Being an authoritarian is too much work for Trump. Wielding actual authority is hard work for a lazy man. Trump hates being held accountable above all things.
The current crisis brings out Trump’s stark ambivalence toward his own political power. On the one hand, he loves the trappings of dictatorship. He famously envied the way Kim Jong Un’s people ritually revere the North Korean leader, at one point commenting that Kim “speaks, and his people sit up at attention. I want my people to do the same.” Likewise, Trump loves declaring that he has the “absolute right” to do things. Shows of authority clearly float his boat.
But wielding actual authority is hard work for a lazy man. And while crisis response can sometimes have an element of glamour—think of Cuomo’s success in winning over critics with his combination of decisive pandemic response and bomber jackets—the federal government’s role in addressing a plague spread out across 50 states is largely managerial, the life-or-death equivalent of fixing potholes. It involves tasks such as keeping track of supply chains and distributing ventilators and protective equipment.
This is not the kind of work that Trump enjoys. At a March press conference on the coronavirus, he complained, “Governors are supposed to be doing a lot of this work … The federal government is not supposed to be out there buying vast amounts of items and then shipping. You know, we’re not a shipping clerk.”

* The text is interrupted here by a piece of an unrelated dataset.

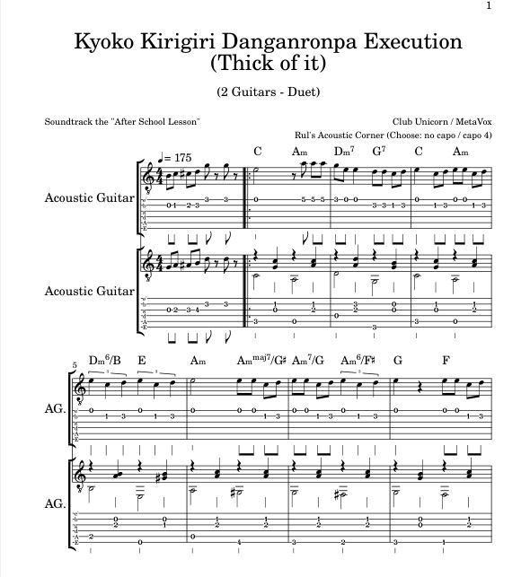 How To Play Kyoko Kirigiri Danganronpa Execution (Thick of it) | 2 Guitars Duet Tabs Chords Notes PDF Audio MP3

Even worse, if you wield actual authority, you become accountable for outcomes. The nature of executive power—embedded in the word “executive”—is that it is the power to do things: not to vote or to appropriate money or to deliberate, but to actually do. And if a leader does things, it follows perforce, particularly in an electoral system, that he can be held accountable for the things he did, or didn’t do, or did badly. Trump hates accountability beyond all things. This is the man, after all, who said only a few weeks ago of the federal government’s catastrophic response to the coronavirus, “I don’t take responsibility at all.”